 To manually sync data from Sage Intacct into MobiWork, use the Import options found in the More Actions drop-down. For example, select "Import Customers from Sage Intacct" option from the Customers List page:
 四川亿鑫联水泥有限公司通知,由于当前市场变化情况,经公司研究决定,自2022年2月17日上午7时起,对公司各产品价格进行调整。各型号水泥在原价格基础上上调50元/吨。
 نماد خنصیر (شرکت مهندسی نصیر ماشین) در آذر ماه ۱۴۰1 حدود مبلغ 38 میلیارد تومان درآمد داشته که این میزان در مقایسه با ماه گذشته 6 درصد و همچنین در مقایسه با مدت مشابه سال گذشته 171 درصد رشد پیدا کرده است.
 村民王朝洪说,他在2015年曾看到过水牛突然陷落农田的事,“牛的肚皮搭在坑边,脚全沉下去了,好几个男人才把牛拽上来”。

* * *

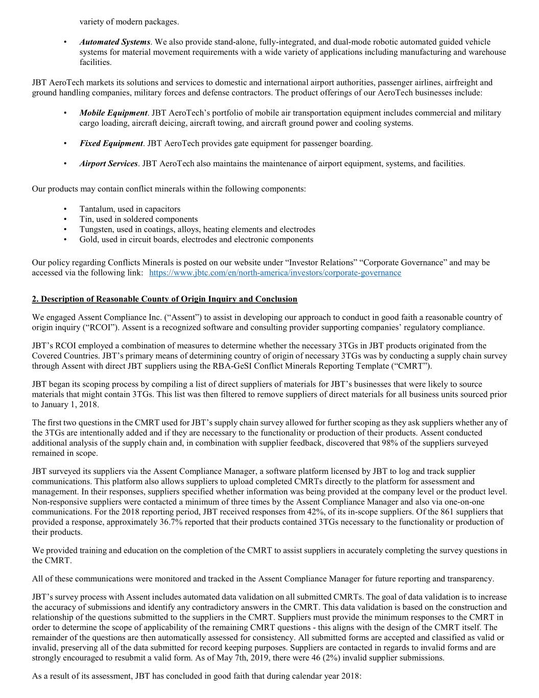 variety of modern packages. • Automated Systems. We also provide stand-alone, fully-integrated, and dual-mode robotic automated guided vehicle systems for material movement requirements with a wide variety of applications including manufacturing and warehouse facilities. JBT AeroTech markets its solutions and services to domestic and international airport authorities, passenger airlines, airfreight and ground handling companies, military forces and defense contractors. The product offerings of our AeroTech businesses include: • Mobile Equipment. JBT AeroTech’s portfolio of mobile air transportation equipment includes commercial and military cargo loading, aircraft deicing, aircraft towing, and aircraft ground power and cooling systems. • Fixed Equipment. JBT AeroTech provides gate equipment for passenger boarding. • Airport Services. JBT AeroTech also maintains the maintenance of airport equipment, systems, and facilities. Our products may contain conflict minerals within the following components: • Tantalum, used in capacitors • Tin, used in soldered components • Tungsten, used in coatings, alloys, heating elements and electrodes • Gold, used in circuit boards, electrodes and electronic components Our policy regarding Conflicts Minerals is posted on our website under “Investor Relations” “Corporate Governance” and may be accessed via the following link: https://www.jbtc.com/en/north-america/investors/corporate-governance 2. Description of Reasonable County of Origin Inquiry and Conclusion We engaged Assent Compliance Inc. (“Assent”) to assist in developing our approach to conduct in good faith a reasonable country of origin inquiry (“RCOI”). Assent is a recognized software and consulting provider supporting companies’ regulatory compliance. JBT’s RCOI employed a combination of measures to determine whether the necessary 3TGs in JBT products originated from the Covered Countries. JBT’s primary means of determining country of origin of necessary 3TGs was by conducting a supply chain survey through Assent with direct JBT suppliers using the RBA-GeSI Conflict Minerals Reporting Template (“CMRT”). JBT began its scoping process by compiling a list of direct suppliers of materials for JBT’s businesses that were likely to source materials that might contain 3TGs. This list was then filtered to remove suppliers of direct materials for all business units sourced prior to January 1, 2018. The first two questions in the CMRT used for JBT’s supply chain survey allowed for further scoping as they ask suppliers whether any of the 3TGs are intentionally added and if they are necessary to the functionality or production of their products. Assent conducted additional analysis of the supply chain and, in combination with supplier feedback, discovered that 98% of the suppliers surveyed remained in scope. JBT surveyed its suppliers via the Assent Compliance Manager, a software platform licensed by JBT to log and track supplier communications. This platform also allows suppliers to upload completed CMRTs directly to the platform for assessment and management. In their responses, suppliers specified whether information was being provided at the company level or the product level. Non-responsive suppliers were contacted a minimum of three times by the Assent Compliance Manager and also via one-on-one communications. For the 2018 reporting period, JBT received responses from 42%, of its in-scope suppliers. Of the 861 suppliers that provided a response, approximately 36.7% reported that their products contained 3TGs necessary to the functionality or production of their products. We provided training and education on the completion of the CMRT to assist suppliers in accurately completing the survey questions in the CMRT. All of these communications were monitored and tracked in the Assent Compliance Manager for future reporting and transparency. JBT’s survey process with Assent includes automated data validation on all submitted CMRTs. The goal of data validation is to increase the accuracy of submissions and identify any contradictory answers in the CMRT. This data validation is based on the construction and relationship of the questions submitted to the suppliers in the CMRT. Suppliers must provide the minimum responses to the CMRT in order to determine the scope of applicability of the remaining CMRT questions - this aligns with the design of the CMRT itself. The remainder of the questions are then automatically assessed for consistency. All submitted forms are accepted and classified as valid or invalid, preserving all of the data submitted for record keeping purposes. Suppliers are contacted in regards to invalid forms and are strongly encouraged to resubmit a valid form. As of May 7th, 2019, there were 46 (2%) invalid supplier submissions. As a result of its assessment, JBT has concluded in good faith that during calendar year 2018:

• Task requirements:
Write out only the lines that run from the line containing "To manually sync" through the line containing "村民王朝洪说,他在2015年", both included, exactly as they appear above.

• Finished task:
 To manually sync data from Sage Intacct into MobiWork, use the Import options found in the More Actions drop-down. For example, select "Import Customers from Sage Intacct" option from the Customers List page:
 四川亿鑫联水泥有限公司通知,由于当前市场变化情况,经公司研究决定,自2022年2月17日上午7时起,对公司各产品价格进行调整。各型号水泥在原价格基础上上调50元/吨。
 نماد خنصیر (شرکت مهندسی نصیر ماشین) در آذر ماه ۱۴۰1 حدود مبلغ 38 میلیارد تومان درآمد داشته که این میزان در مقایسه با ماه گذشته 6 درصد و همچنین در مقایسه با مدت مشابه سال گذشته 171 درصد رشد پیدا کرده است.
 村民王朝洪说,他在2015年曾看到过水牛突然陷落农田的事,“牛的肚皮搭在坑边,脚全沉下去了,好几个男人才把牛拽上来”。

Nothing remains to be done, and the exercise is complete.